In Louisiana in 1875, there were 104,192 Black voters and 84,167 white voters, the racial breakdown of the state’s electorate in itself made vote tallies favoring Tilden by 6,000 votes inherently suspicious. The only way for the Republicans to “win” the state was to change the vote count. If Blacks had been barred from voting in a Louisiana parish, should all of the votes of that parish be thrown out? At this point the only path to Republican victory was mount legal challenges to throw out some of the white votes cast.

Then there was Oregon. Oregon was a young state in 1876 and its politics were unpredictable. With only three Electoral votes, it did not get much attention during the presidential campaign, but Democrats expected to win it. They had won the governorship in 1874 and the following year they had won the state’s only Congressional seat, albeit by fewer than 300 votes.
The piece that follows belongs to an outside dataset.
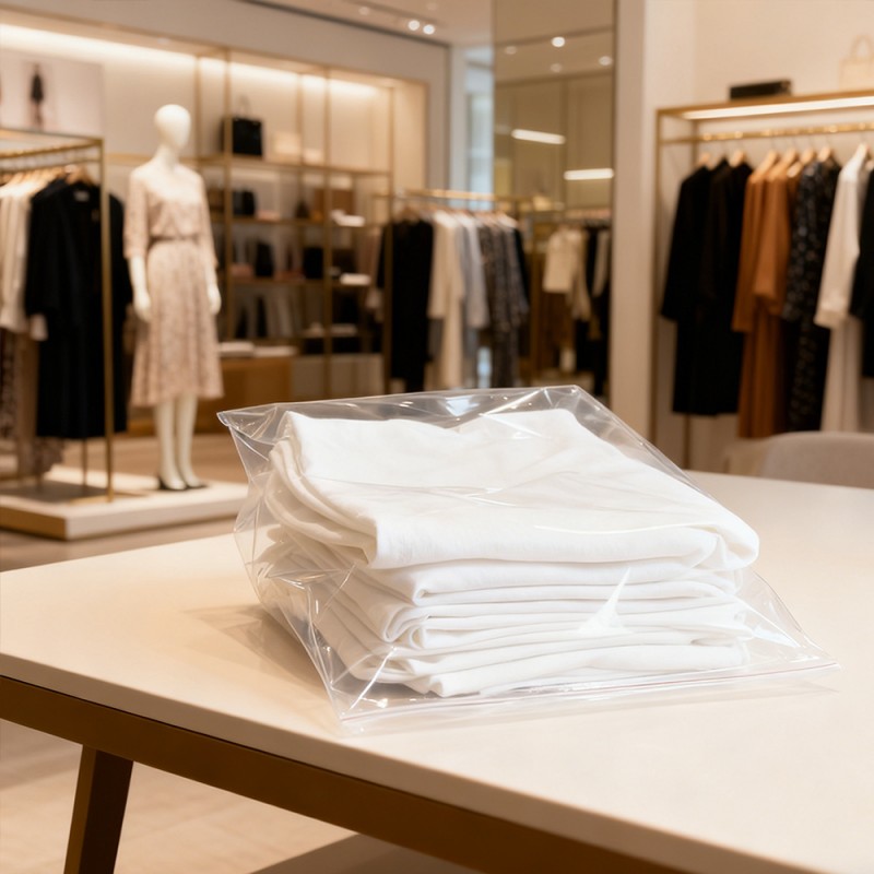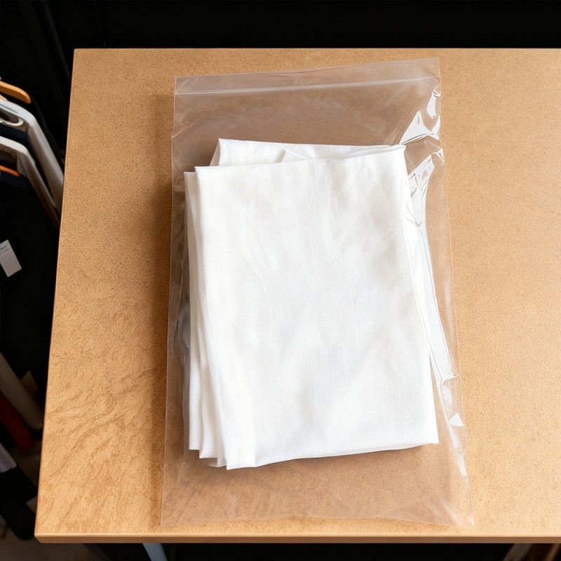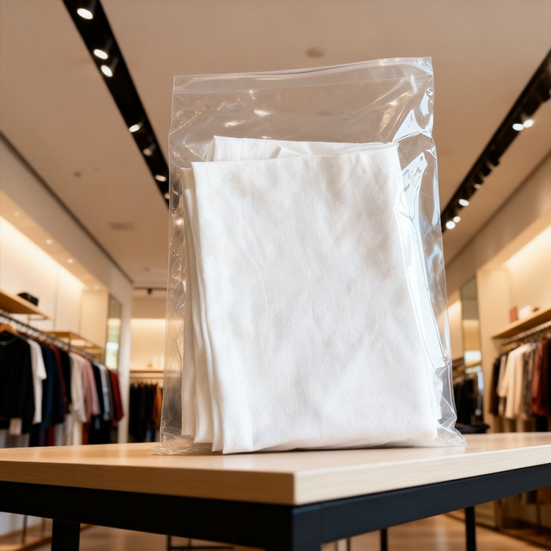 Bảo vệ quần áo: Túi PE của chúng tôi có thể đóng vai trò như một rào cản đáng tin cậy chống lại các chất ô nhiễm thông thường. Chúng ngăn chặn hiệu quả sự xâm nhập của bụi bẩn và hơi ẩm trong quá trình bảo quản và vận chuyển. Điều này đảm bảo rằng quần áo từ lụa mỏng đến áo sơ mi cotton mát mẻ, từ kho đến tay khách hàng, đều có thể được giữ sạch sẽ và gọn gàng. Tầm nhìn rõ ràng: Độ trong suốt của vật liệu polyetylen mang lại khả năng hiển thị sản phẩm tuyệt vời. Nó có thể thể hiện đầy đủ màu sắc, họa tiết và thiết kế của quần áo, đồng thời giúp nhanh chóng xác định hàng tồn kho mà không cần mở từng túi. Bề mặt không in: Vì không in nên không cần lo lắng mực làm nhiễm bẩn sản phẩm, giúp loại bỏ nguy cơ để lại vết ố hoặc vết khó coi trên sản phẩm. Đảm bảo rằng chúng trông hoàn hảo khi mở ra khỏi bao bì. Tính năng này rất quan trọng đối với quần áo màu trắng, sáng màu hoặc có giá trị cao. Khách hàng cũng có thể sử dụng các phương pháp khác để phân biệt sản phẩm theo nhu cầu của mình. Nó cũng có thể được sử dụng như một bao bì phổ thông để bán. Bền và chống thủng: Mặc dù có kết cấu nhẹ nhưng chất liệu PE có độ bền và khả năng chống rách tuyệt vời. Nó có thể chịu được các yêu cầu nghiêm ngặt về xử lý, đóng gói và vận chuyển, giảm nguy cơ hư hỏng túi và đảm bảo an toàn cho sản phẩm của bạn trong toàn bộ chuỗi cung ứng. Hiệu quả về mặt kinh tế và nhẹ: Những chiếc túi này đạt được sự cân bằng giữa hiệu suất và tính kinh tế. Trọng lượng nhẹ hơn của chúng giúp giảm chi phí vận chuyển, khiến chúng trở thành lựa chọn khôn ngoan về mặt kinh tế cho các doanh nghiệp thuộc mọi quy mô, từ các cửa hàng nhỏ đến các nhà sản xuất lớn. Kích cỡ có thể tùy chỉnh và niêm phong dễ dàng: Có thể tùy chỉnh theo mọi kích thước, phù hợp với tất cả các sản phẩm từ tất và phụ kiện đến váy và áo khoác dài. Những túi này có thể được cung cấp ở dạng cuộn để đóng gói tự động tốc độ cao hoặc dưới dạng túi riêng lẻ để sử dụng thủ công. Chúng có băng dính hai mặt tự dính, an toàn để dán kín nhanh chóng và dễ dàng.

In 1876 though Republican Rutherford B. Hayes triumphed by 1,057 votes out of 29,881 cast.

This should have given Hayes all of the state’s three Electoral votes, but there was a problem. One of the three Republican Electors was allegedly legally ineligible to serve and it was unclear as to who, if anyone, would replace him. Normally, losing a single Elector would be a minor problem, but Hayes ultimately won the tally in the Electoral College 185 to 184. Losing one Oregon Elector could spell defeat for the Republicans.

John Watts was the allegedly illegal Elector. His problem was that he was the deputy postmaster of Lafayette in Yamhill County. Watts indicated after the election that he had been concerned that even though his postal position was a low-paying part-time job, it might violate the Constitutional prohibition of government workers serving as Electors. Republicans argued that as long as Watts resigned his postal job before he was sworn in as an Elector, there was no violation. Democrats claimed that his election was itself a violation of the Constitution and demanded that the candidate with the next highest vote total, a Democrat, be named one of the state’s three men to cast votes in the Electoral college. The Oregon Secretary of State announced that the three Republicans had the most votes to serve as Electors, but during the first week of December 1876 the Democratic governor issued a certificate to the Democrat as an Elector. In other words, the voters of Oregon went for Hayes, but one of the Electors was set to vote for Tilden.



2 Responses to Echoes of the Reconstruction Era: The 1876 Election—“A Dead Radical Is Harmless”

  1. There is always a great deal of focus on the Deep South’s 1876 vote, but the border south is completely ignored. What made the congested states’ votes essential for a Republican victory was the fact that not a single loyalist border state went Republican. Even West Virginia, which had gone for Abe in 1864 and Grant twice, went Democratic.

    1. The states that are focused on in this article were chosen because they are the state where the vote was contested after the election. These states include Oregon, which is not a Deep South state.